The Proposed Rule which would clarify MSP obligations “associated with future medical items and services related to liability insurance (including self-insurance), no-fault insurance, and workers’ compensation settlements, judgments, awards or other payments” has been updated for a scheduled release next month (August 2020). The Proposed rule was previously scheduled for release in February 2020. Our prior blog on this Proposed Rule can be found here.
This Proposed Rule, if finalized, would create requirements via final regulation for protection of Medicare’s future interests via Workers’ Compensation MSAs, No-Fault and Liability MSAs. The industry has been awaiting to determine if the Centers for Medicare & Medicaid Services (CMS) would continue to move forward with these regulations which would now require LMSAs or other mechanism to ensure the future burden for future medicals is not shifted to Medicare where a No-Fault or General Liability primary payer is available. Further, the description of the Proposed Rule seems to indicate that CMS could potentially modify the long-standing WCMSA approval process, which formally has been functioning for nearly 20 years since 2001 when CMS released the “Patel Memo.” It would seem that CMS intends on pursuing this Proposed Rule into becoming a Final Rule, or it would have withdrawn the Proposed Rule posting rather than postponing its delay date to next month.
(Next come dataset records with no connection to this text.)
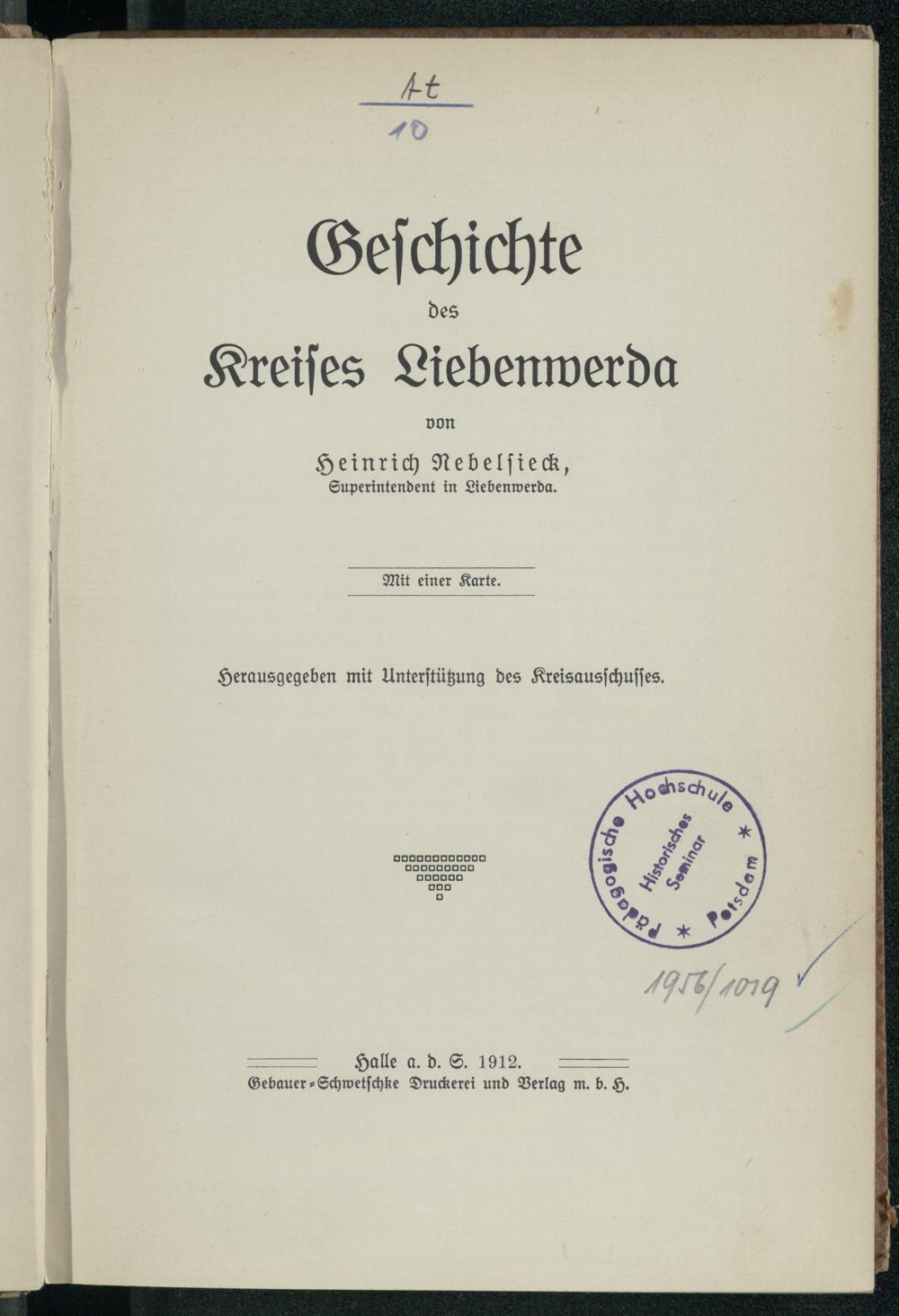 Geschichte des Kreises Liebenwerda / von Heinrich Nebelsieck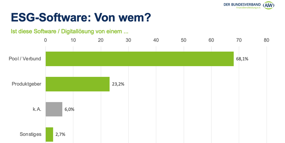 Mehr als zwei Drittel der Vermittler (68,1 Prozent) nutzen im Übrigen für die Präferenzabfrage die Tool-Lösungen von Maklerpools und -verbünden. Angebote von Produktgebern wie Versicherungs- oder Fondsgesellschaften nehmen 23,2 Prozent in Anspruch. Nur 2,1 Prozent der Tools für die ESG-Präferenzabfrage stammen aus anderen Quellen (siehe Grafik).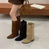 Botas de Caballero Largas de Tacón Alto Puntiagudas de Gamuza Color Café Maillard para Mujer Botas de Invierno y Otoño 2025 Botas Slim Estilo Western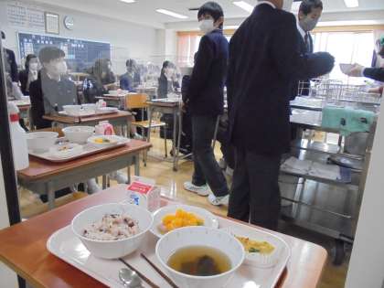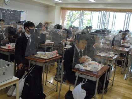 そして、今年度は、透明のパーテーションを購入したので、視界も開けていて快適な食事環境が整いました。以前と同じ、おしゃべり無しの給食時間ではありますが、新しい仲間との食事にみんな満足そうでした。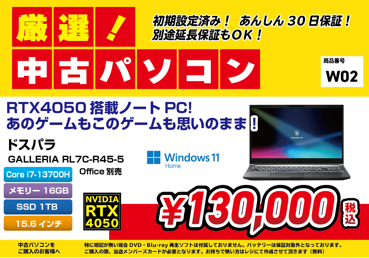 Core i7-13700H、メモリー16GB、SSD 1TB!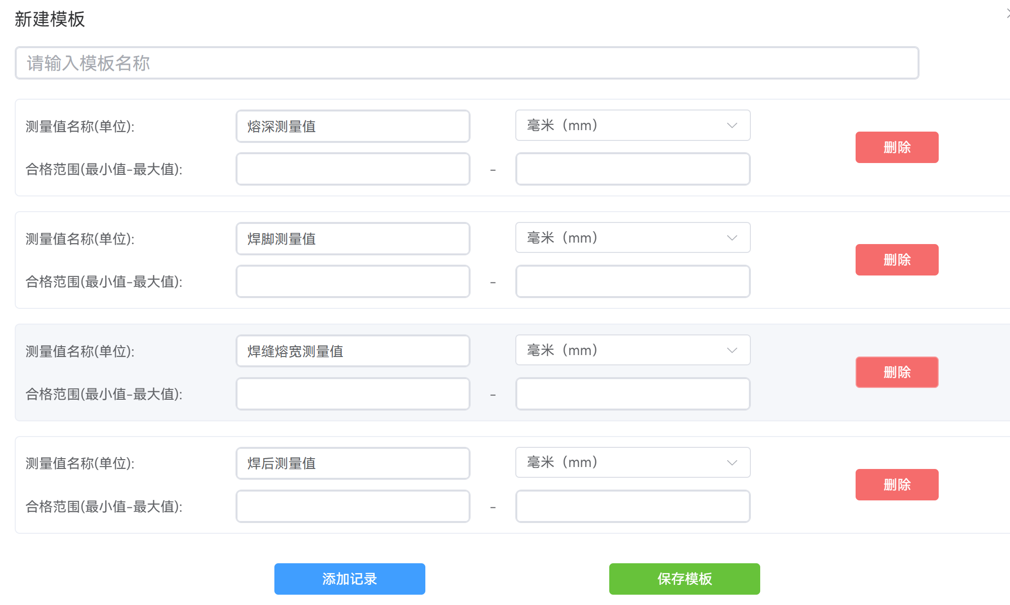 3、檢測模板自定義;焊縫熔深、焊縫寬(kuān)度、焊(hàn)縫餘高、氣孔直徑、焊接(jiē)氣孔,夾渣等企業可以自定(dìng)義檢測項目,同時可以設置OK/NG判斷值,行程企業(yè)專屬的(de)檢測模板。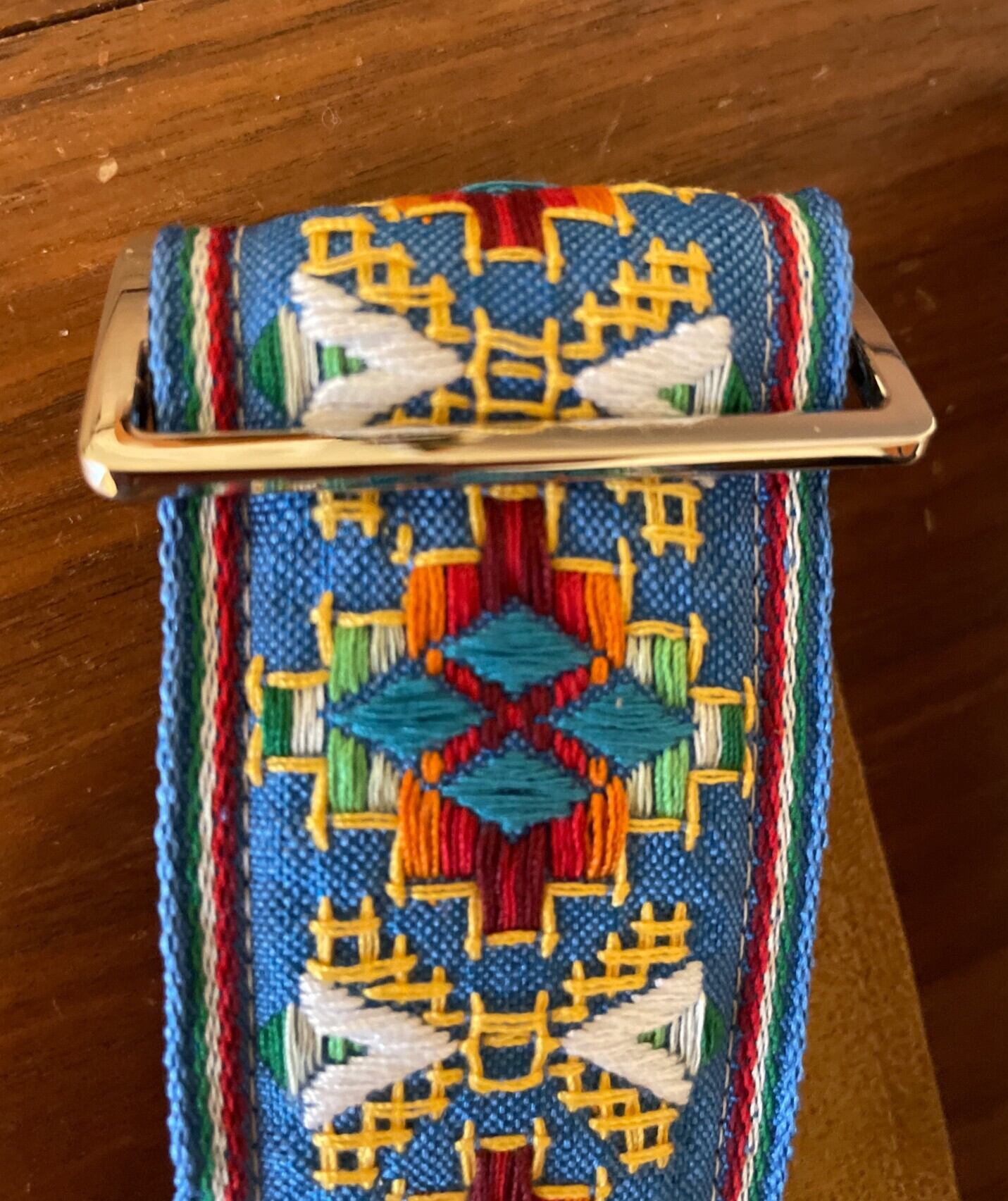 Tom’s Vintage Strapsはフランス、ストラスブールの小さな工房で一つ一つ丁寧に手作りされたギターストラップです。60年代から70年代にかけて数え切れないほどの象徴的なギタリスト(例えばエリック・クラプトン、ジミー・ペイジ、ジミ・ヘンドリックス、トム・ペティ、ジョン・メイヤー、キース・リチャーズ、カート・コバーン、ロビー・クリーガー、ロリー・ギャラガー、ボブ・ディラン、ジョー・ウォルシュ、ジョニ・ミッチェルなど)の使用によって有名になったヒッピー織りストラップの、最も本物に近い現代版レプリカです。主に60年代から70年代の New Old Stock (NOS) ファブリックを使用しており、ストラップエンドのレザーはカット、パンチング、仕上げの全てを手作業で行っています。

Additionally, an updated NGHP User Guide Version 5.9 is available here. The minor updates are the following:
- A reminder has been added that while the threshold for physical trauma-based liability insurance settlements remains at $750, this threshold does not apply to non-trauma liability reporting for alleged ingestion, implantation, or exposure cases. Any settlement, regardless of amount, should be reported for these types of cases. (Sections 6.4.2, 6.4.3, and 6.4.4).
- The limit dollar amount that triggers a threshold error has been adjusted from $99,999,999 to $99,999,999.99. This error occurs any time the No-Fault Insurance Limit amount or the cumulative value of all reported TPOCs (detailed and auxiliary records) exceed this limit. Additionally, the No-Fault Insurance Limit field number has been corrected under “Exceptions.” (Section 7.3.2).
- When considering the requirements for the Ongoing Responsibility for Medicals (ORM), remember, per current policy, that the dollar limit for No-Fault Insurance Limits (Field 61) represents a combined total of Med-Pay and Personal Injury Protection (PIP) (Section 6.7.1). Also see Appendix A.
- Several no-fault excluded ICD-10 codes have been removed from the Excluded ICD-10 and ICD-9 Diagnosis Codes table (Appendix I).
- The CR02 claim response file error code field number has been corrected (Appendix F) (Table F-4).